Reason magazine is celebrating its 50th anniversary this year, and a bunch of the staff are sharing their libertarian origin stories. I think I’ll share mine.
The first time I remember hearing the word “libertarian” was when I was in high school in 1980 and Ed Clark was running for President on the Libertarian ticket. I remember that he wanted to legalize all drugs, and I thought it might make sense in theory but that really doing it would be nuts.
When I got to college, I got interested in some common political issues, and I decided to make an effort to learn more about them. This was years before the first web page traversed the internet, so my approach was to scour the magazine racks for publications that covered political issues. The magazines ranged from liberal to conservative, and they were often interesting reading, but all of them took editorial stances that struck me as inconsistent and misguided.
Except for one magazine, where I found myself nodding along with almost everything they wrote. It wasn’t so much that they agreed with my views, but that the authors thought about the issues in a way that made a lot of sense to me. I’d start reading a piece about the war on drugs or transportation policy, and at some point there’d be this mental ping and I’d realize they had found exactly the right way to think about the issue.

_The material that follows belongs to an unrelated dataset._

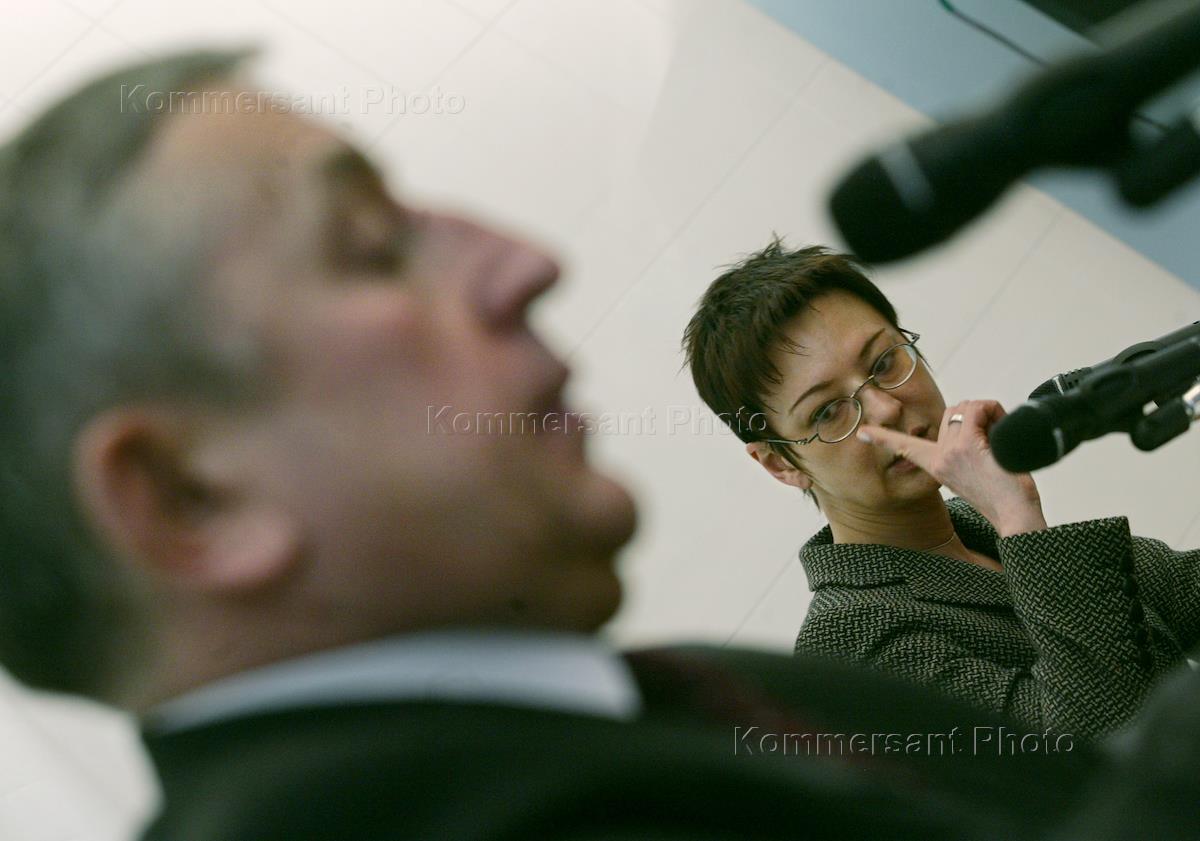 Self-nominated Russian presidential candidate Irina Khakamada takes part in the debate with the Communist Party (KPRF) candidate Nikolay Kharitonov. The debate took place in the RosBalt news agency.

Unfortunately, I had read so many different magazines that next time I went looking for reading material, I couldn’t remember what it was called. I had to just continue buying a variety magazines, hoping to pick it up again. I think it was a few months before I opened up a magazine, started reading, and got that ping sensation again. This time I made a point of noting the magazine’s name.
Of course it was Reason.
This was during the years when Virginia Postrel was Editor in Chief, and I remember her editorials had a way of drawing libertarian ideas out of all kinds of topics, from contact lenses to breast implants. Every issue of Reason had articles that helped me clarify my thinking about the issues of the day. It was during this time that I really began to think about the world in libertarian terms and of myself as a libertarian. I will always be grateful to Postrel and the rest of the Reason staff for the clarity they gave me.
In the following years, four books also heavily colored and solidified my libertarian thinking:
- Ain’t Nobody’s Business If You Do: The Absurdity of Consensual Crimes in a Free Society. This is Peter McWilliams’ magnum opus. His passionate argument convinced me forever that the government has no business telling us what to do if we aren’t hurting anyone.

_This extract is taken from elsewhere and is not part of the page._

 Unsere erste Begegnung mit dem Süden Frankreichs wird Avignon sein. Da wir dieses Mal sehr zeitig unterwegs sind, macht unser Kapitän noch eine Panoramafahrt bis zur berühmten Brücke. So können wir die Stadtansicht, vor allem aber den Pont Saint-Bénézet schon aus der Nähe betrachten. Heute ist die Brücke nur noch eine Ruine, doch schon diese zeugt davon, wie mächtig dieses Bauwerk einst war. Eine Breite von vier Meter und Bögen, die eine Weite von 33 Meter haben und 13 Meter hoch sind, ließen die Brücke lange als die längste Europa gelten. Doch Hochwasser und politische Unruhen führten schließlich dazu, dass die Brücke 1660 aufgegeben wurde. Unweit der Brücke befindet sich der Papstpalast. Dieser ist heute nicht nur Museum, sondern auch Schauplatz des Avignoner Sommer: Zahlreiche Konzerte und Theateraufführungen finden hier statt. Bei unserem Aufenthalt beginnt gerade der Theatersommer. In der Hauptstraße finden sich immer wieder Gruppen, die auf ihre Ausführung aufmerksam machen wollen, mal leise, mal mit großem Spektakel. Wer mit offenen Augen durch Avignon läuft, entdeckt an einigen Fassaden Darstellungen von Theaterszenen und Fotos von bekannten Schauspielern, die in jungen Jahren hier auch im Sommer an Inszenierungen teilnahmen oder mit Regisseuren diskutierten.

- The Armchair Economist This is Steven Landsburg’s easy-to-read and thought-provoking introduction to some very serious economic concepts. It helped me organize my thinking about policy analysis, and kicked off my now decades-long amateur interest in economics. (Link is to the latest edition.)
- Hard Heads, Soft Hearts: Tough-minded Economics For A Just Society. This book by liberal economist Alan Blinder argues that some public policies are so bad, and so economically ill-informed, that we can find solutions that improve on hard-headed conservative concerns about limiting spending and regulation, while also doing a better job of satisfying soft-hearted liberal goals like reducing pollution and improving the lives of the poor.
- Lost Rights: The Destruction of American Liberty. In this book, James Bovard presents hundreds of examples of how laws and regulations can get out of control when enforced by the petty and power-mad. It’s a searing and heartbreaking account of ruined lives. (Bovard turns out a ton of books like this. This is just the first one I read.)
Sorry. No Ayn Rand.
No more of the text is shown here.